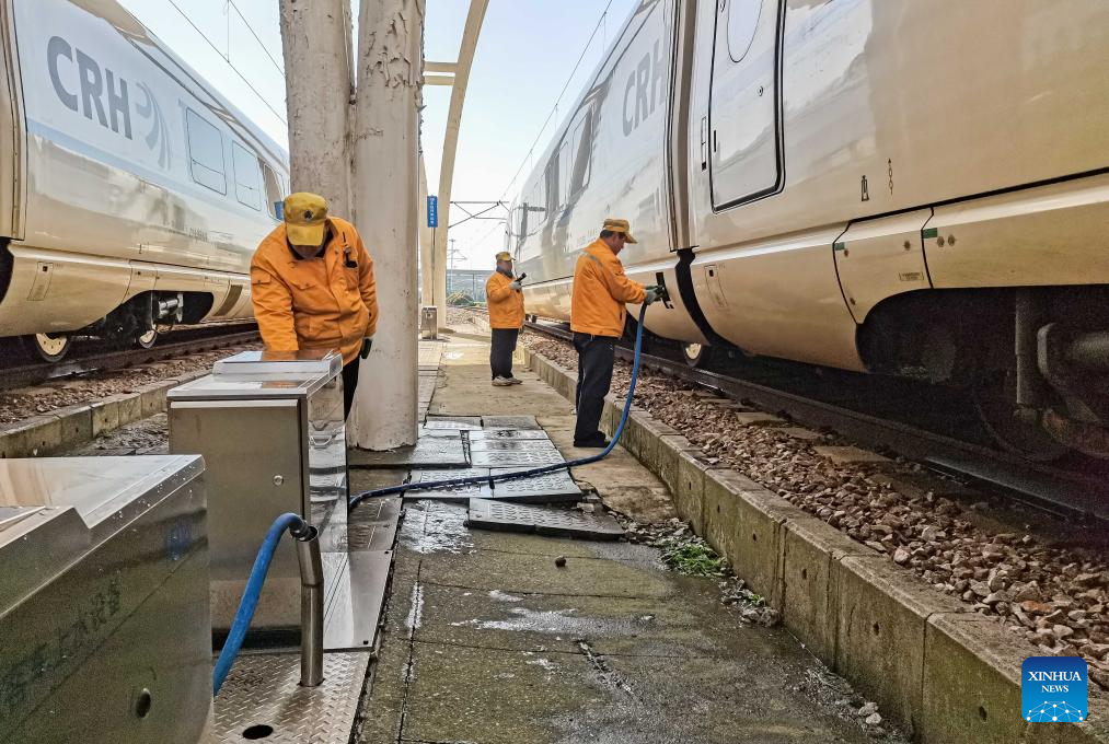 Staff workers pump water into a train at Shanghai Hongqiao Railway Station in east China's Shanghai, Dec. 17, 2023. Countermeasures have been taken to prevent or alleviate impacts inflicted by extensive snowfall and other freezing conditions. (Xinhua)
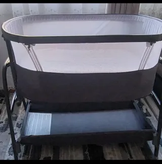Minicuna de colecho de la marca Jane. Es gris con estrellas y tiene un colchón. - Laterales de malla transpirable. - Estructura de metal. - Incluye colchón. REGALO dos juegos de sabanas + dos protectores ademas del edredon y bajera que lleva puesto. REGALO bañera pequeña bebe usada 8 meses en buen estado. REGALO ROPA BEBE NIÑO con la misma compra.
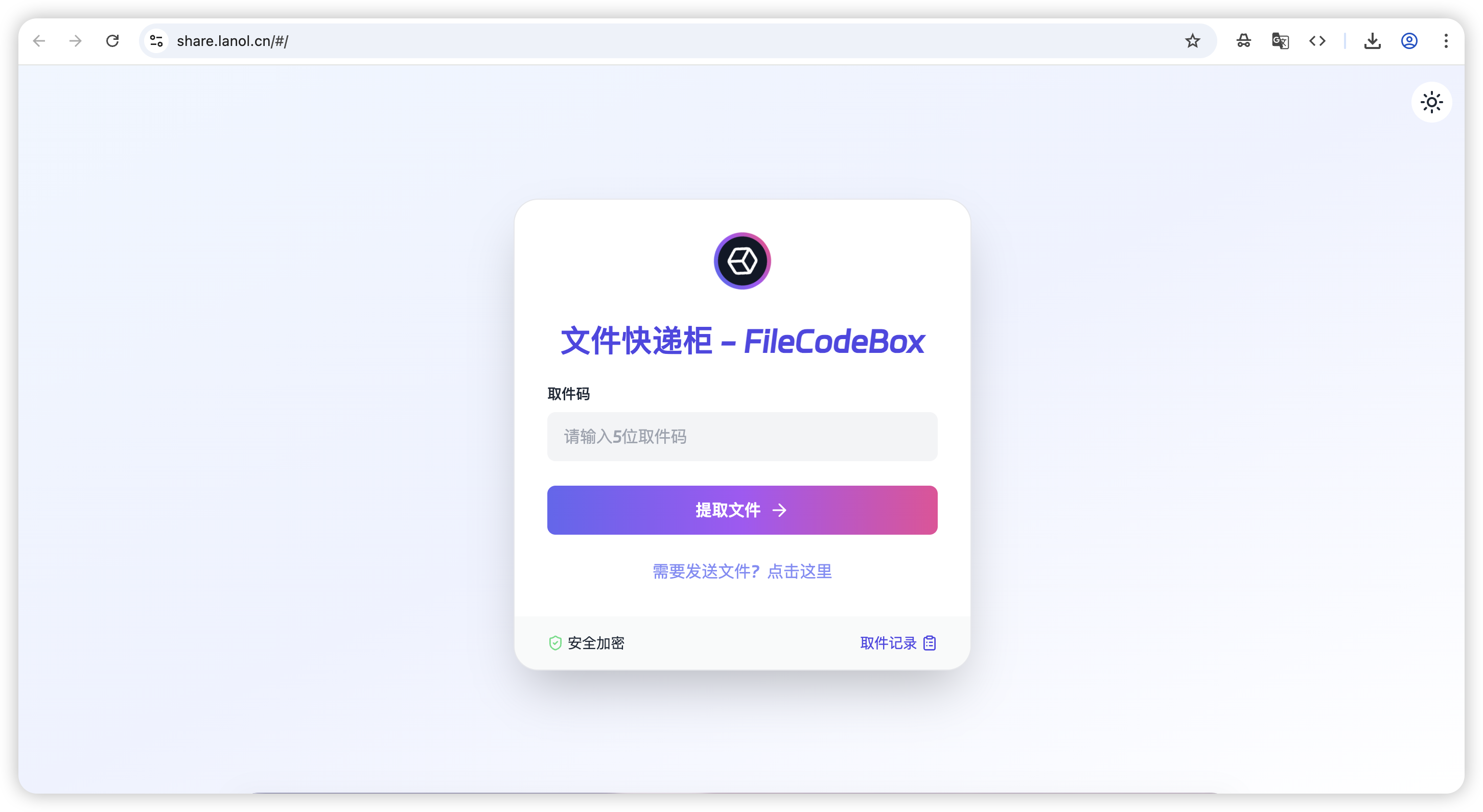 本项目顾名思义,就是可以像拿快递一样简单,可以发送/收取文件,功能实现不难,但是这个项目的想法还是蛮有趣的,有兴趣的小伙伴可以体验部署一下,下面是作者在开源网站留下的在线体验链接
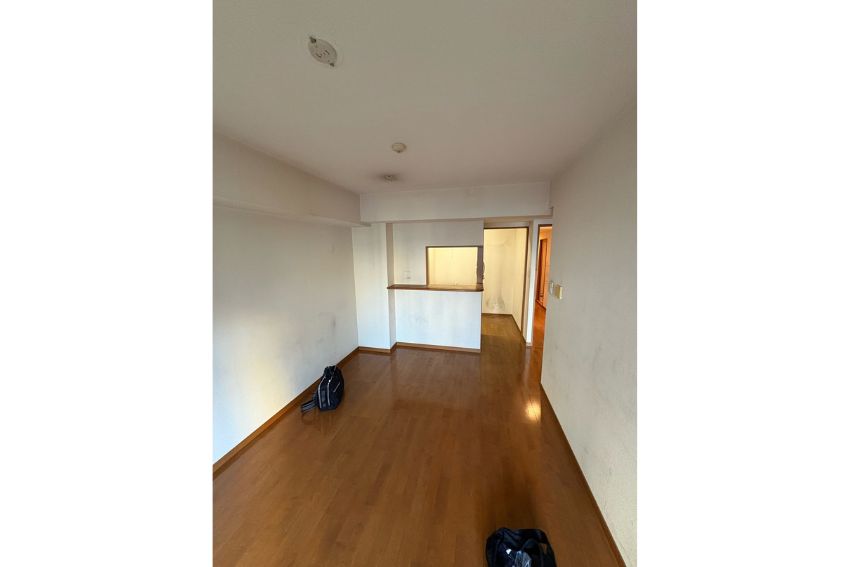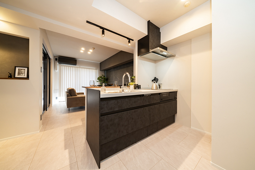 対面キッチンの吊戸棚を撤去することで視界が抜け、リビングとつながる開放的な空間に。すっきりとした印象になり、LDKがより広く感じられるようにしました。
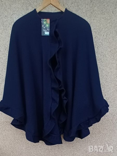 Дамска перелина /наметало с къдри. Красива и много стилна, плътна от еластична материя. Цвета е много тъмно синьо. Дължина на перелината 77 см. Отговаря на 3xl.
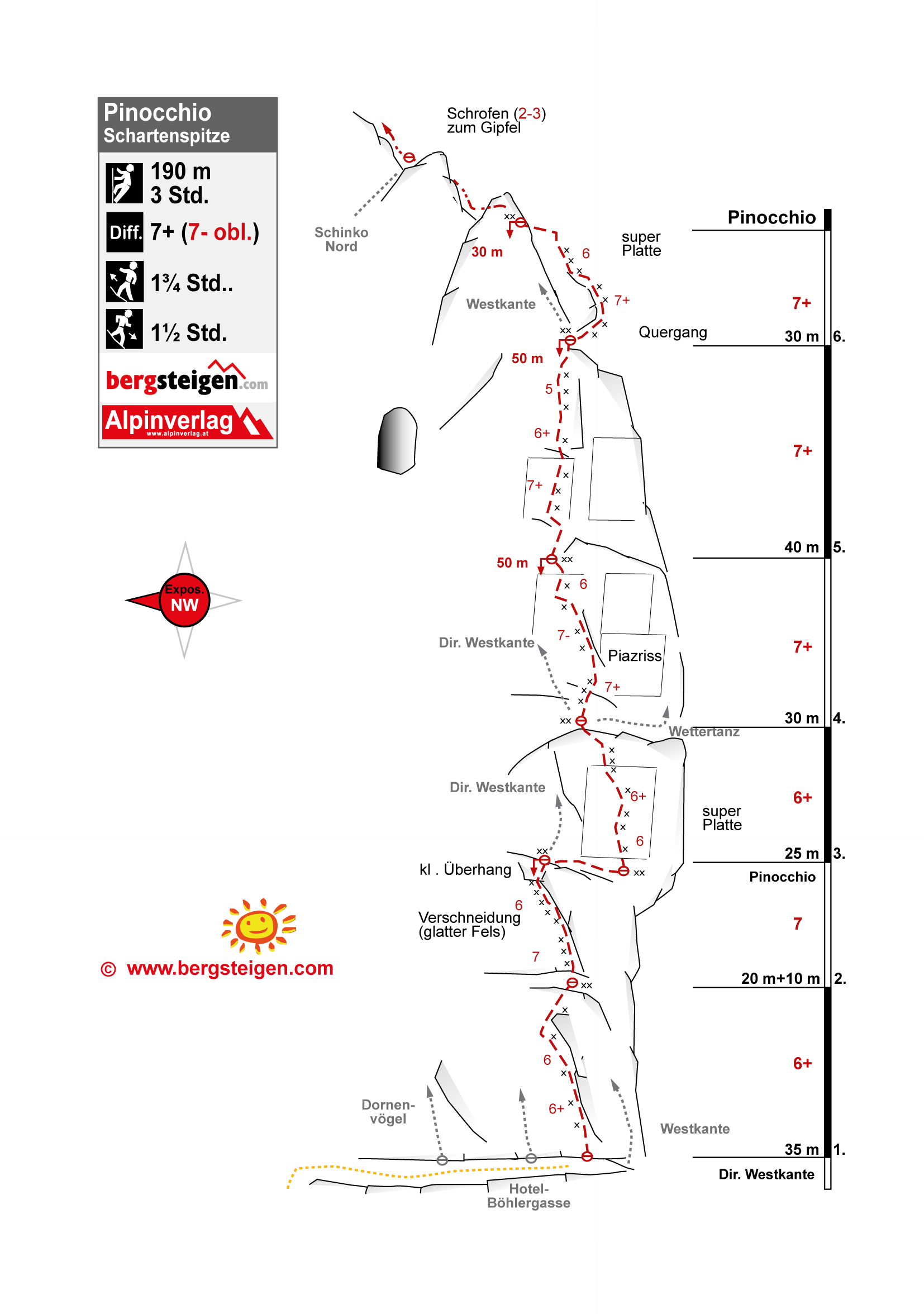 Pinocchio ist eine sehr gut abgesicherte Sportkletterroute im Nahbereich der Westkante der Schartenspitze. Super rauher Fels in unvergleichlicher Umgebung. Die ersten beiden Seillängen folgen der „Direkten Westkante“:
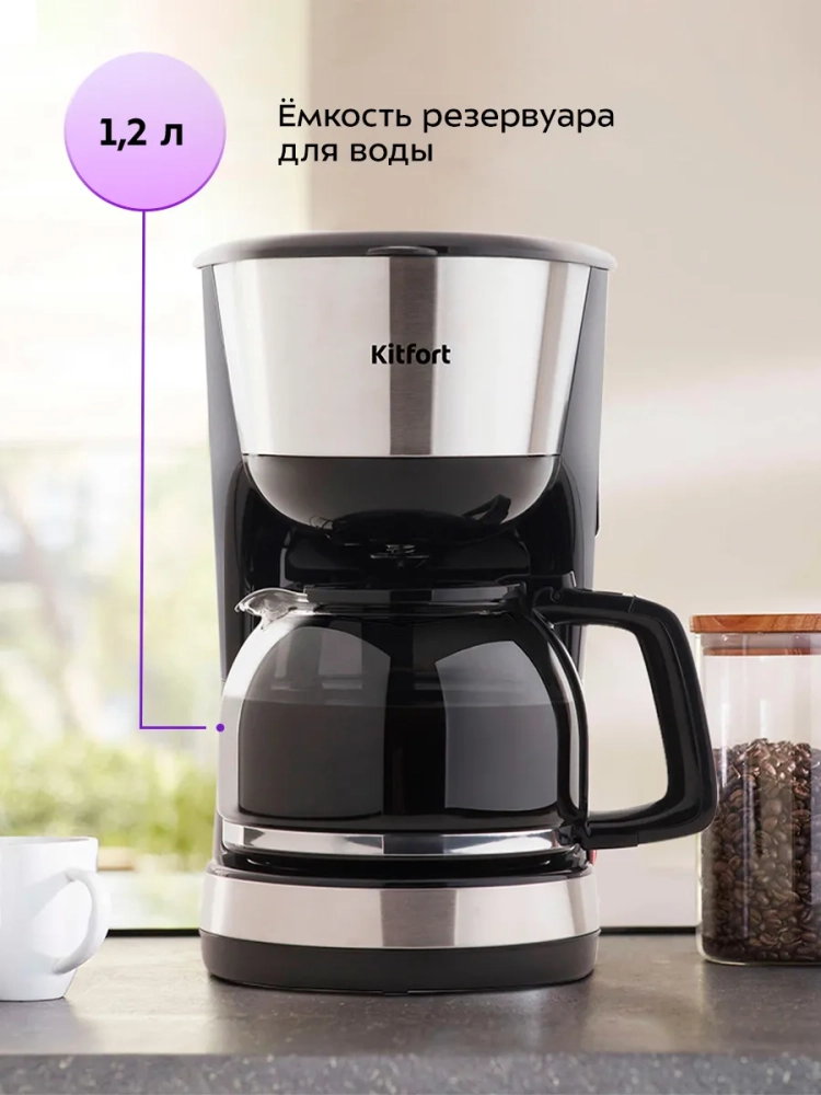 Кофеварка Китфорт оборудована противокапельной системой — затвором, приостанавливающим подачу кофе при вынимании кофейника из кофеварки. Вы можете налить кофе в чашку, не дожидаясь окончания приготовления.
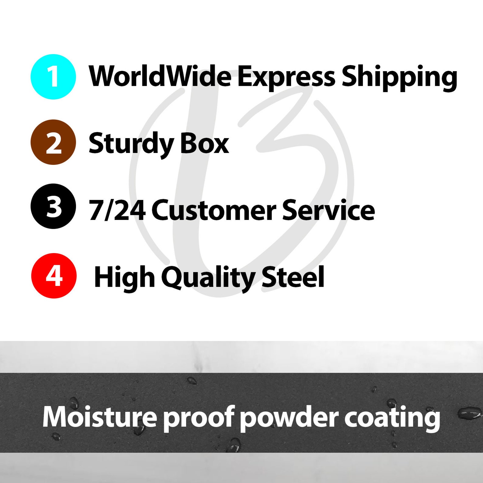 Specs: We use high quality 16 Gauge Steel. We use electrostatic powder coat finish to make it weatherproof. We offer Black, Gold, Silver, White options, for other colors please get in touch with us. Only nails and screws can get rustier if exposed much rain or snow.
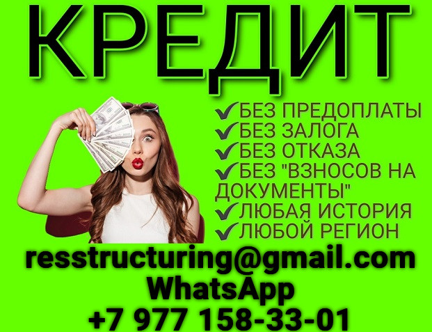 Ваша кредитная история не позволяет получить кредит в банке самостоятельно? Мы знаем, как Вам помочь и наше предложение для Вас! Успешно помогаем людям решить финансовые трудности. Работаем с самыми разными кредитными историями, просрочками, отсутствием официального источника дохода. Минимальный комплект документов, короткий срок рассмотрения Вашей заявки. Регион регистрации и проживания не важен! Помогаем с суммами до 5 миллионов рублей. Без залога, справок и предоплаты. За более подробной информацией обращайтесь на почту resstructuring@gmail. com или звоните по телефону и WhatsApp +7 977 158-33-01
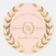 "La vegetación de hojas fue Pegatina redondo clásico de la celebración de Bodas rosados y dorados de Rubor para Sellos para sobres Bodas y Pegatinas favoritos". Las hojas de laurel elegantes y sencillas forman una corona en el centro de este plato con una tipografía "y" diseño de hojas de oro que resalta sus nombres y fecha de boda. Se puede cambiar el color de fondo rosado de color de color rosa de color negro pastel. Diseñado por la artista con licencia internacional Audrey Jeanne Roberts, copyright.
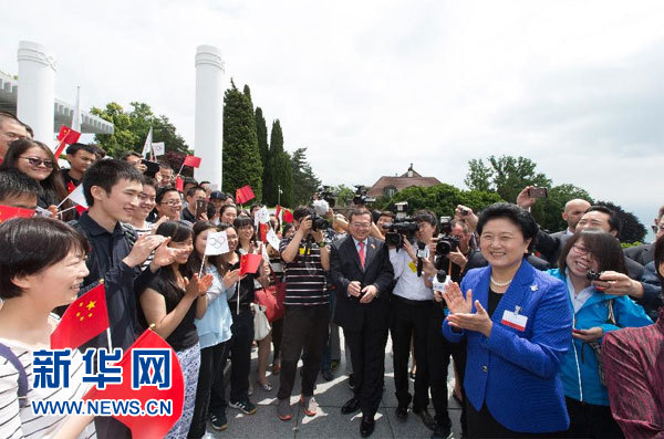 6月9日,国务院副总理刘延东(前右)在瑞士洛桑会见中国留学生代表。当日,国务院副总理刘延东在瑞士洛桑出席北京2022申冬奥代表团与国际奥委会委员陈述交流会后,在奥林匹克博物馆会见中国留学生代表,与他们亲切交谈并合影留念。新华社记者 徐金泉 摄
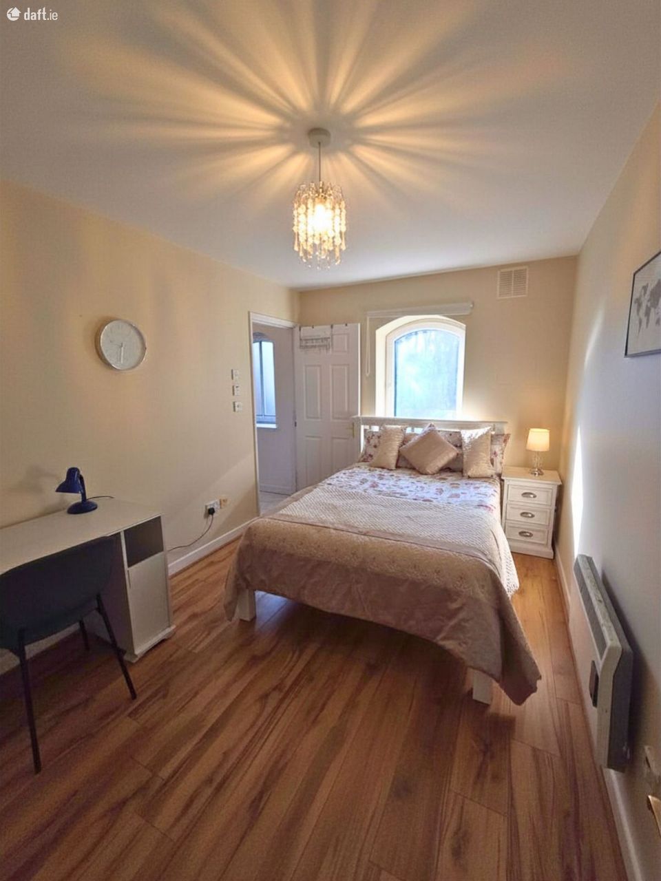 Laminate wood floor throughout, fully fitted kitchen, dishwasher, plumbed for washing machine, dryer, integrated ceramic hob, oven, tiled splashback, breakfast bar.
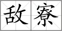 敌 : 敌(敵)dí有利害冲突不能相容的:敌人。敌方。敌寇。指敌人:敌后。敌情。敌酋。敌特。轻敌。?
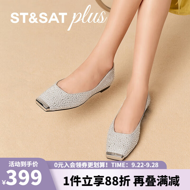 星期六优雅方头2025新款休闲时尚满钻镶边芭蕾舞平底鞋SSD3111540 银色 34
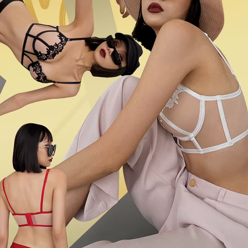 H5420P Ropa interior Sexy de encaje para mujer, Conjunto de sujetador bordado negro, sujetador de realce con escote en V profundo y bragas de cintura alta, lencerÃa ajustable

**Requirement:**
Copy out exactly the material that runs from the line with "Pinocchio ist eine" to the line with "Specs: We use", ends included, and leave the pictures behind.

**Task response:**
 Pinocchio ist eine sehr gut abgesicherte Sportkletterroute im Nahbereich der Westkante der Schartenspitze. Super rauher Fels in unvergleichlicher Umgebung. Die ersten beiden Seillängen folgen der „Direkten Westkante“:
 Кофеварка Китфорт оборудована противокапельной системой — затвором, приостанавливающим подачу кофе при вынимании кофейника из кофеварки. Вы можете налить кофе в чашку, не дожидаясь окончания приготовления.
 Specs: We use high quality 16 Gauge Steel. We use electrostatic powder coat finish to make it weatherproof. We offer Black, Gold, Silver, White options, for other colors please get in touch with us. Only nails and screws can get rustier if exposed much rain or snow.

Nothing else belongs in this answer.